The code will be converted to

int arr[100;];

Which is a syntax error. The remedy is to remove the semicolon from the #define line.

8. Be careful with semicolons

Be careful with semicolons. Following example

if (x > a);
   a = x;

actually means:

if (x > a) {}
a = x;

which means x will be assigned to a in any case, which might not be what you wanted originally.

Sometimes, missing a semicolon will also cause an unnoticeable problem:

if (i < 0) 
    return
day = date[0];
hour = date[1];
minute = date[2];

The semicolon behind return is missed, so day=date[0] will be returned.

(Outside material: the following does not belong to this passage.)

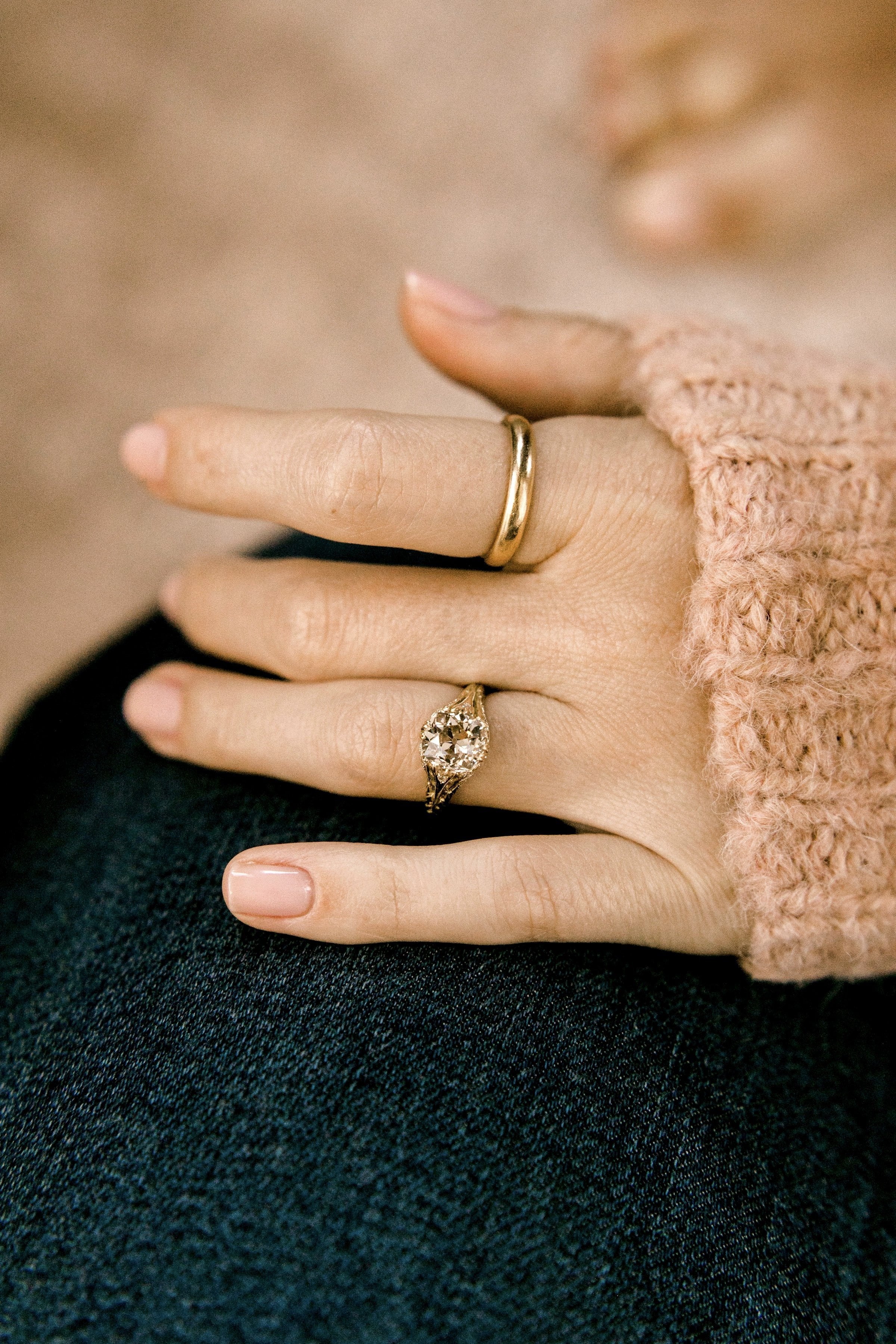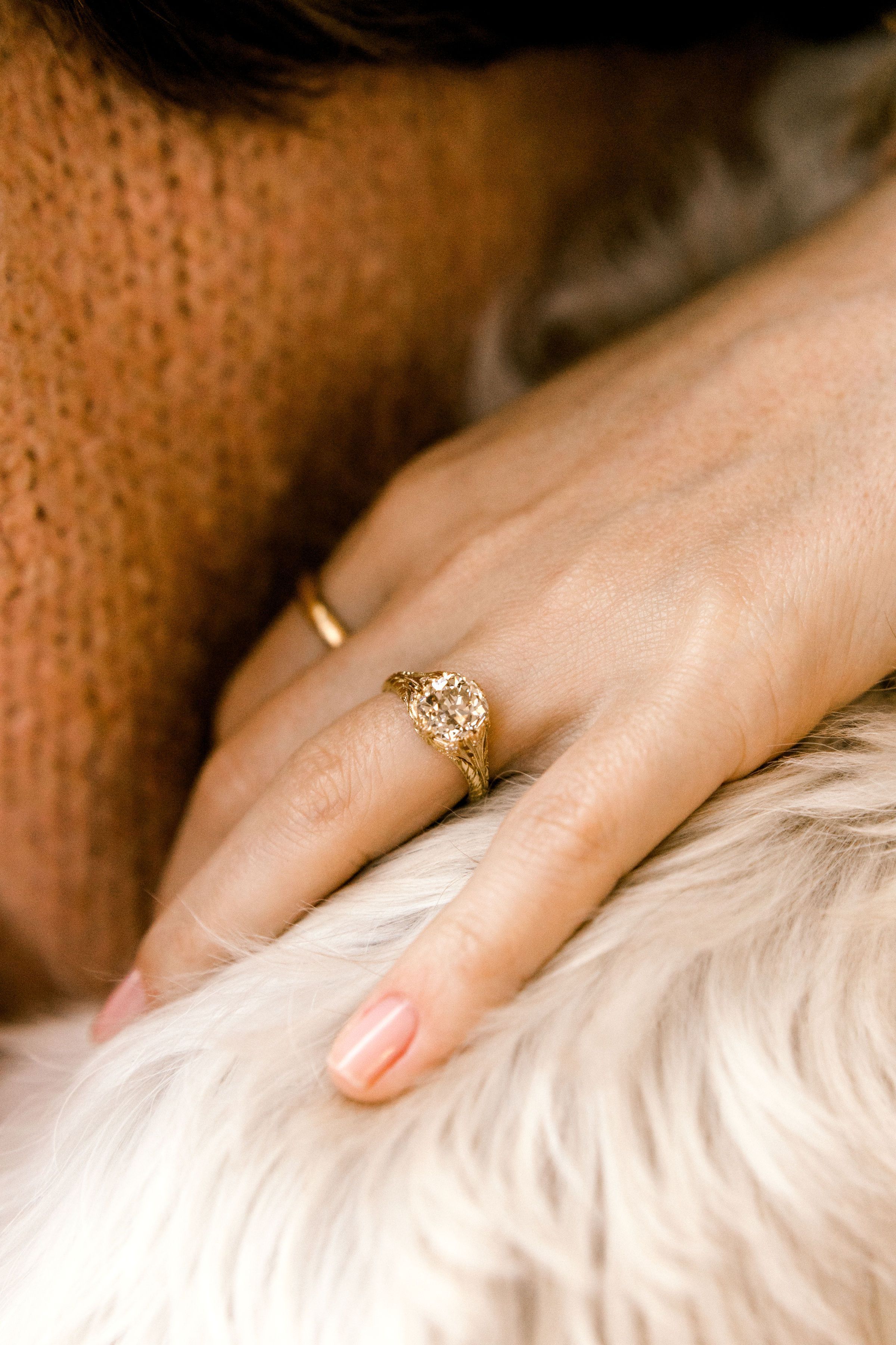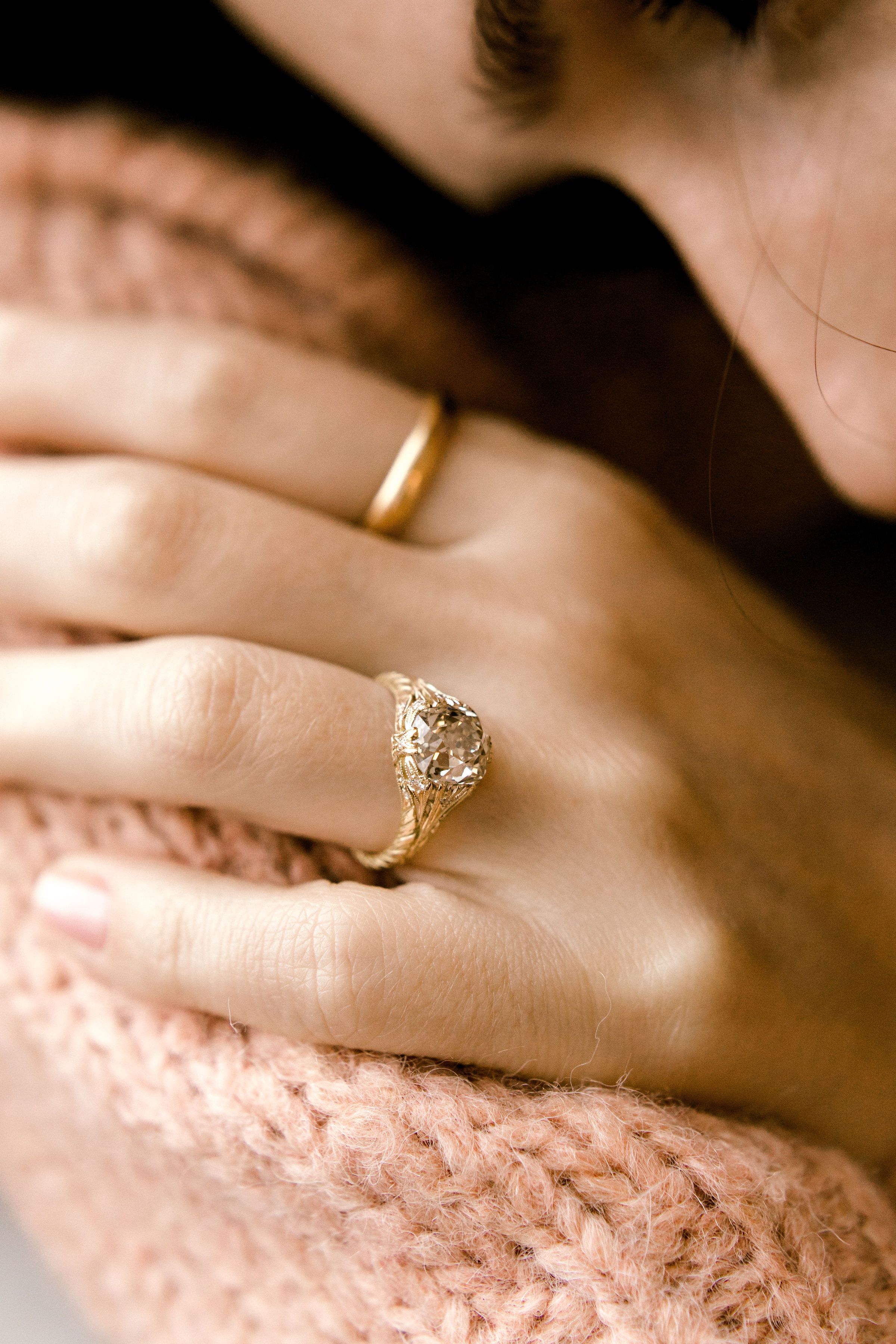 The diamond is a gorgeous and chunky old mine cut in the most lovely champagne hue! Set low in an intricate golden setting with fine details.

9. Mistakenly writing = instead of == when comparing

The = operator is used for assignment.

The == operator is used for comparison.

One should be careful not to mix the two. Sometimes one mistakenly writes

/* assign y to x */
if (x = y) {
     /* logic */
}

when what was really wanted is:

/* compare if x is equal to y */
if (x == y) {
    /* logic */
}

The former assigns value of y to x and checks if that value is non zero, instead of doing comparison, which is equivalent to:

if ((x = y) != 0) {
    /* logic */
}

This comic showing same thing. In which, programmer used = instead of == in if statement. That's why robots are killing humans. :P

10. Copying too much

char buf[8]; /* tiny buffer, easy to overflow */

printf("What is your name?\n");
scanf("%s", buf); /* WRONG */
scanf("%7s", buf); /* RIGHT */

If the user enters a string longer than 7 characters (- 1 for the null terminator), memory behind the buffer buf will be overwritten. This results in undefined behavior. Malicious hackers often exploit this in order to overwrite the return address, and change it to the address of the hacker's malicious code.

11. Macros are simple string replacements

Macros are simple string replacements. So, they will work with preprocessing tokens.

#include <stdio.h>

#define SQUARE(x) x*x

int main(void) {
    printf("%d\n", SQUARE(1+2));
    return 0;
}

You may expect this code to print 9, (3*3), but actually 5 will be printed because the macro will be expanded to 1+2*1+2.

You should wrap the arguments taken and the whole expression in macro in parentheses to avoid this problem.

#include <stdio.h>

#define SQUARE(x) ((x)*(x))

int main(void) {
    printf("%d\n", SQUARE(1+2));
    return 0;
}